Wuerfel21 · 2021-06-09T18:10:13Z

Could you, like, not close the tracking issue please?

Wuerfel21 · 2021-06-09T18:33:33Z

Also,

not sure if xxd is widely available there

xxd seems to be included with Git for Windows, so it seems unlikely that it'd be not installed, though it isn't on PATH (Git Bash seems to add it though.

totalspectrum · 2021-06-09T19:13:47Z

Sorry, clicked on the wrong button

totalspectrum · 2021-06-10T12:33:37Z

For multiple return values, we could perhaps use the DIRB, INB, and OUTB registers, e.g. the first return value goes on the stack as usual, second one goes in DIRB, third one in INB, and fourth one in OUTB. For plain Spin programs this won't be an issue (they don't have multiple returns) but it will allow us to compile Spin2, BASIC, and C.

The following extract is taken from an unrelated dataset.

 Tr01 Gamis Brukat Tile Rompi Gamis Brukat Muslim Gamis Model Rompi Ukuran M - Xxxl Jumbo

Wuerfel21 · 2021-06-10T13:09:46Z

Yeah, that seems like a good workaround. Though for Spin2 they'll still need to be allocated on the stack for indexing and such. The same add-to-DCURR thing that'll need to happen for varargs, I guess.

Wuerfel21 · 2021-06-10T20:21:02Z

the same add-to-DCURR thing that'll need to happen for varargs, I guess.

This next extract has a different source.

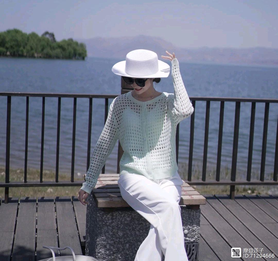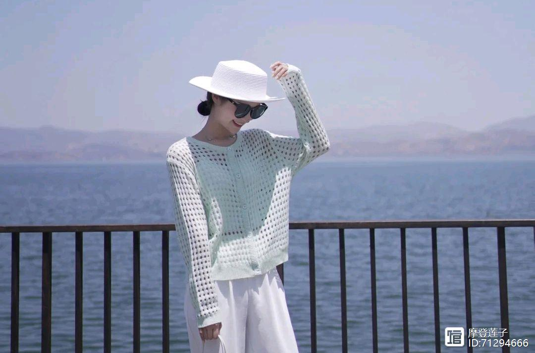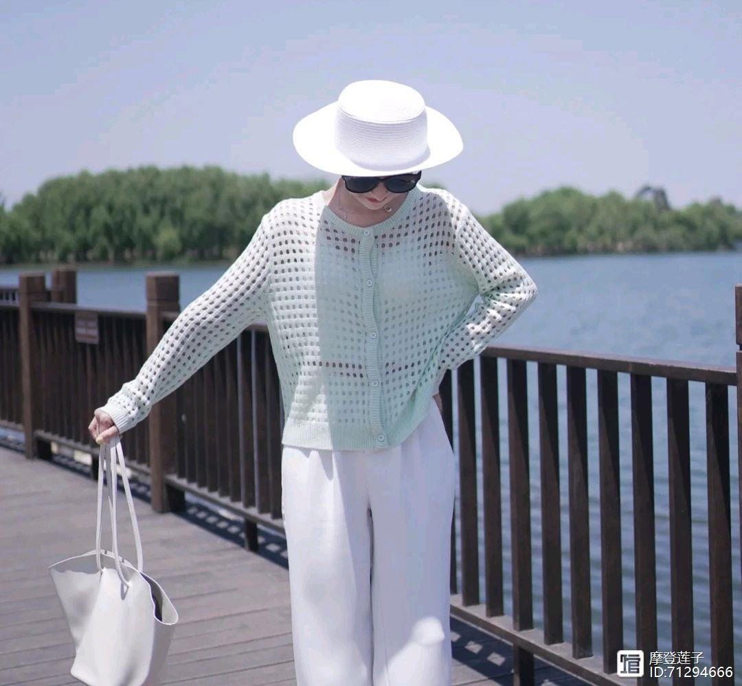 就像这位时尚博主的这身穿搭就很适合作为日常穿搭,她选择了颜色偏浅的蓝色镂空针织衫搭配白色休闲裤,穿出了温柔又精致的感觉,还穿出了一丝丝慵懒的味道。

Actually, results are zero-initialized in Spin2, too, right? so it'd have to be bunch of zero constants before the parameter expressions. That's smaller than adding to DCURR for small counts, anyways.

totalspectrum · 2021-06-11T11:53:13Z

There's a new test script, Test/runtests_bc.sh, for testing byte code. I've disabled the C and BASIC tests (we know they won't work). Quite a few of the Spin tests do work, and one of them showed a bug that I've fixed (converting division into right shift fails for negative numbers that are not powers of 2).

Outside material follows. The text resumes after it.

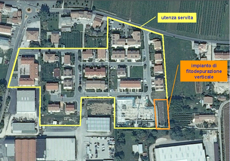 Localizzazione impianto e utenza servita 300 abitanti equivalenti Caonada di Montebelluna (TV) |

Of the remaining failing tests, I think the big missing features are multiple assignment (exec03) and method/object pointers (exec04). exec11 is a timing test so its failure is entirely expected (and I should add an #ifdef for bytecode output so we can ignore it).

Wuerfel21 · 2021-06-11T12:42:29Z

multi-assign between variables should be easy, I think? Unless there's a silly Spin2 quirk that makes it stupid, that is.
Just eval all the expressions, then the stores in reverse order. Not sure if that's the right eval order for the right hand though.

Calling through pointers is a problem with the P1 ROM interpreter. The obvious idea is to create a dummy header entry and rewrite it's offset before the call, but

not thread/multicore safe
could be made multicore safe by using 8 dummies and indexing with cogid, but that's lame.
function header entries need to know the local size

For object pointers, I think just writing them to VBASE between the call parameters and the call opcode would work? That'd be thread-safe and probably less opcodes. Would still need a dummy header entry with zero offset.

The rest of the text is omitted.